I will let the critic speak for himself to the specific points raised in this reasonable response.
I want to address one point in this argument about the CTC’s decision: “It made a time-specific programming choice in a moment of incomplete information, heightened harm, and very real community concern. That’s not hysteria or cowardice, it’s discernment. Declining to produce a play right now is not the same thing as banning it, erasing it, or declaring anyone guilty for life.”
Right now, democracy is under serious threat. According to KJN’s reasoning, our theaters may be showing “discernment” by not producing plays that directly deal with that central issue. There is fear of harm, community concern, etc., so why not play it safe for now? It wouldn’t be forever — just stay away from the scripts that might speak to the crisis many of us are feeling at the moment. Don’t speak out about ongoing repression or the curtailment of freedom of speech.

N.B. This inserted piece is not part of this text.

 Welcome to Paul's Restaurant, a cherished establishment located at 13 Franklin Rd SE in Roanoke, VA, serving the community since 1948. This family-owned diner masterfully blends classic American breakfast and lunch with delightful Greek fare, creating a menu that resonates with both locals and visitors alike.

I take the point that smaller companies are the most vulnerable. The major theaters are the real culprits because they are turning their backs on their responsibilities to art and the community. But examples of self-censorship — on any level — only embolden the nefarious forces that are out to silence artistic freedom. History suggests that silence now may not mean there will be an opportunity to speak up later. At some point, “discernment” becomes complicity.

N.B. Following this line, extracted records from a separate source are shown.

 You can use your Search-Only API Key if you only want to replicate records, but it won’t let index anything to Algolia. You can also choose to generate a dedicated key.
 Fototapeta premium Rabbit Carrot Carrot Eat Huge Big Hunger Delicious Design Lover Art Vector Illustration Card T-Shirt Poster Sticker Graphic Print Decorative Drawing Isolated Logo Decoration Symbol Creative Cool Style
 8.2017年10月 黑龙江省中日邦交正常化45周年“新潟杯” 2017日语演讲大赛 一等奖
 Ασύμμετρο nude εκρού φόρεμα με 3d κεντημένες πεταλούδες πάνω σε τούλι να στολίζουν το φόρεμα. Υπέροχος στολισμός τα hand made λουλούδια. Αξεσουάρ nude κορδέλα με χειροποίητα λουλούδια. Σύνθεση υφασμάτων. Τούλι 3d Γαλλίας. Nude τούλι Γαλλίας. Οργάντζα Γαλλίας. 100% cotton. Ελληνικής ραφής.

Nope, it was not my intention to offer a “critic’s move” to “flatten complex, present-day decisions into a culture-war screed so it can sound brave and contrarian.” Just encourage dialogue and debate.
Pardon me for being amused by this whole kerfuffle, but it’s hard to pretend that Lauren Gunderson is a figure of genuine artistic significance, and comparisons to Modigliani, Charlie Chaplin or even Woody Allen seem overblown. My impression is that her career has soared at least in part on the woke wings of theatrical cancel culture – only now her embedment in that same culture’s amoral striving and money-chasing has tripped her up. (It’s worth noting that, despite her claims to the contrary, Epstein seems to have met her; his emails to her then-husband include the note “Your fiance [sic] is great – that was fun.”) Well, too bad for Gunderson that she cast such a wide net with her wedding invites, but as she seems quite the go-getter I don’t think she’ll be down for long; maybe she’ll even get a new play out of all this. But at the same time, please let’s not act as if “‘art itself has been prosecuted’.”

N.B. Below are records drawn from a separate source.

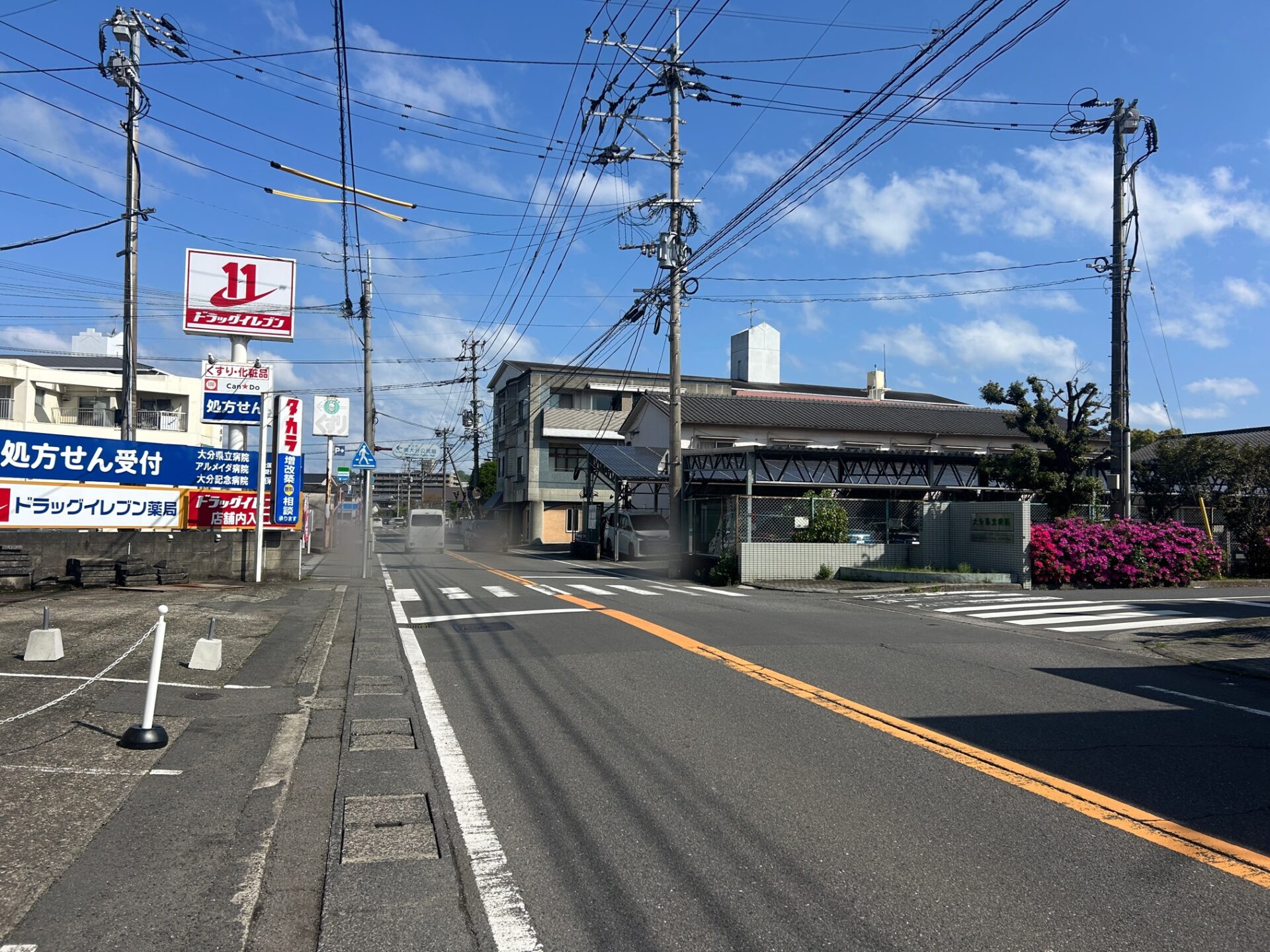 大分県立病院の裏手の通りにあり、西口門すぐの場所です。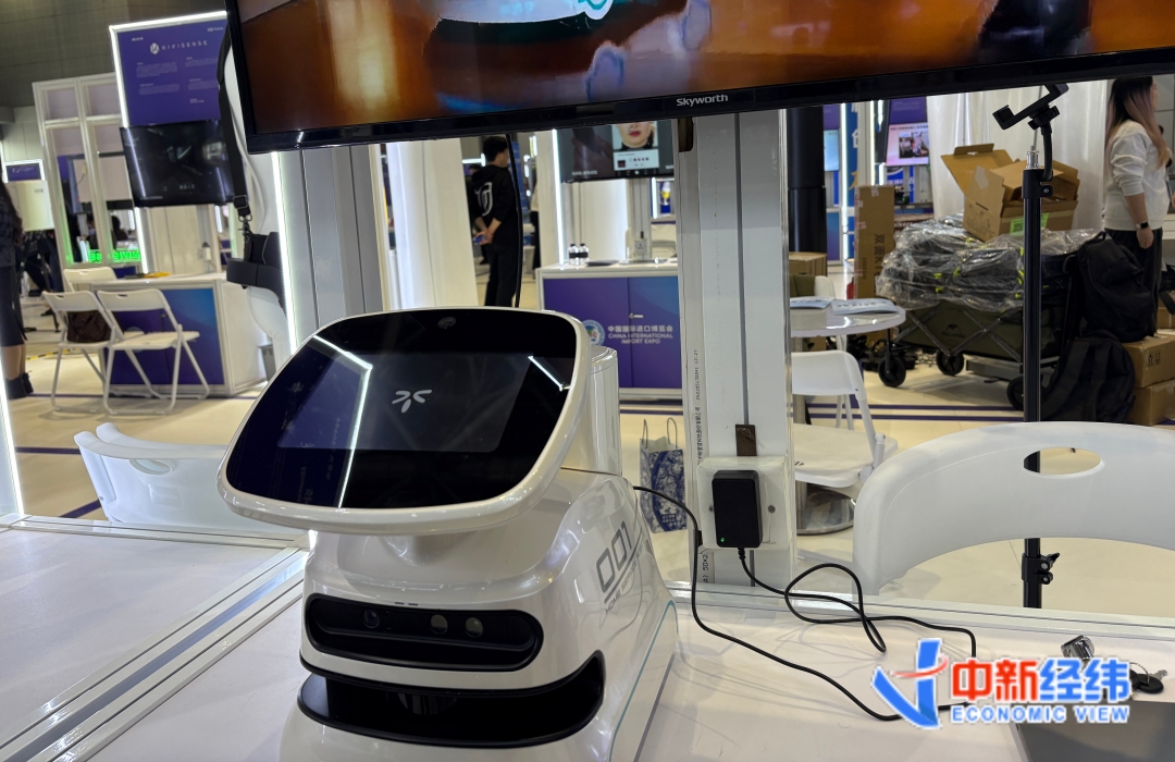“有些老人夜间上厕所比较频繁,很容易摔倒。这款机器人会主动跟随老人,根据老人在厕所待的时间长短,来判断是否需要通过语音交互对老人进行唤醒或者通知家属。”在创新孵化专区,加拿大企业可立克魔科技相关业务负责人张腾腾指着一款能“主动交流”的家庭陪伴机器人对中新经纬说。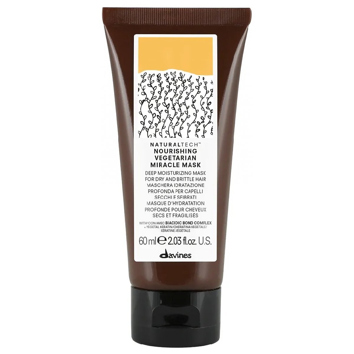 Davines Naturaltech Nourishing Vegetarian Miracle Mask - maska przeznaczona do pielęgnacji włosów suchych i osłabionych, grubych i niezdyscyplinowanych. Odżywia i intensywnie nawilża włosy, pozostawiając je miękkie i lśniące. Formuła wzbogacona keratyną roślinną pochodzącą z ryżu, która w połączeniu z aminokwasami i kompleksem Biacidic Bond Complex, stworzonym przez zespół badawczy Davines, sprawia, że włosy natychmiast stają się lśniące i łatwe w układania. Uszczelnia łuski włosów, zapewniając natychmiastowe i długotrwałe rezultaty.

To quote Gunderson’s own website about the cancelled play, The Revolutionists: The Revolutionists is a new play about four very real women who lived boldly in France during the French Revolution’s Reign of Terror. Playwright Olympe De Gouge, assassin Charlotte Corday, former queen (and fan of ribbons) Marie Antoinette, and Haitian rebel Marianne Angelle hang out, murder Marat, loose their heads [sic] and try to beat back the extremist insanity in the Paris of 1793. What was a hopeful revolution for the people is now sinking into hyper violent hypocritical male rhetoric. However will modern audiences relate.”
Uh-huh. Sound familiar? If it doesn’t, it should; half a dozen of our other woke playwrights could have written precisely this, and provided a blurb with better grammar, too.